Return each line of the listing exactly, though without its images.

··· Data excerpt

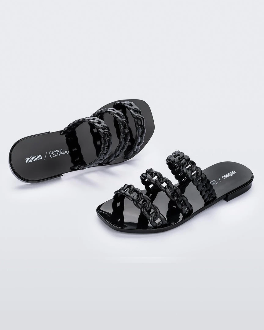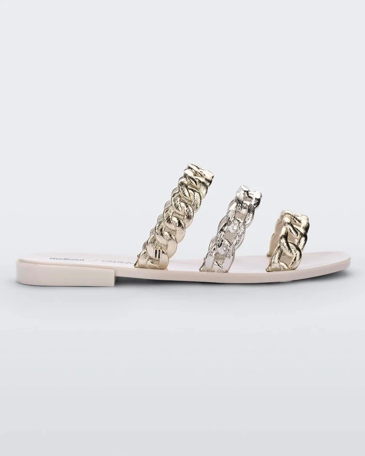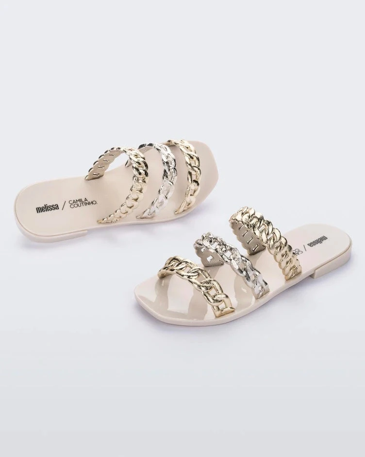 Melissa has collaborated with Brazilian influencer Camila Coutinho to create a flat slide that is edgy, shiny, and Instagram-worthy. The Melissa Feel has a thin sole with a small heel and three straps that form its upper, all made in a shape that resembles chains. Team it with one of this season’s jumbo chain bags and you will be ready for a selfie!
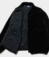 【裏地】シルクナイロンワッシャータフタを使用。仕上げ加工によりシルクがフィブリルし、擦れた表面感が特徴で軽くて袖通しも良い。中綿をだかせてダイヤ柄にキルティング加工を施した。
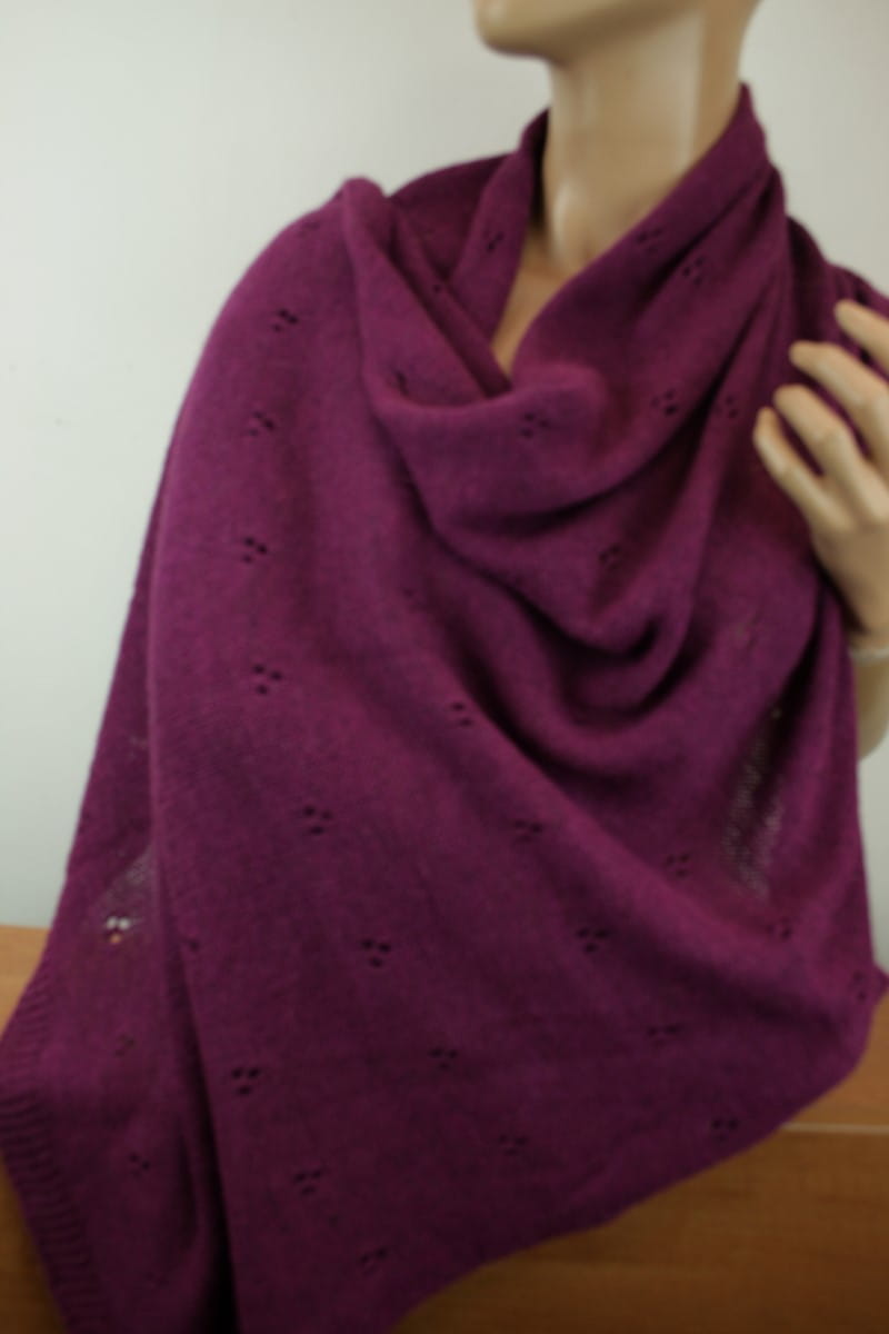 duży szal dzianina wełenka sweterkowy 00551160 fiolet

······

**Solution to the problem**
 Melissa has collaborated with Brazilian influencer Camila Coutinho to create a flat slide that is edgy, shiny, and Instagram-worthy. The Melissa Feel has a thin sole with a small heel and three straps that form its upper, all made in a shape that resembles chains. Team it with one of this season’s jumbo chain bags and you will be ready for a selfie!
 【裏地】シルクナイロンワッシャータフタを使用。仕上げ加工によりシルクがフィブリルし、擦れた表面感が特徴で軽くて袖通しも良い。中綿をだかせてダイヤ柄にキルティング加工を施した。
 duży szal dzianina wełenka sweterkowy 00551160 fiolet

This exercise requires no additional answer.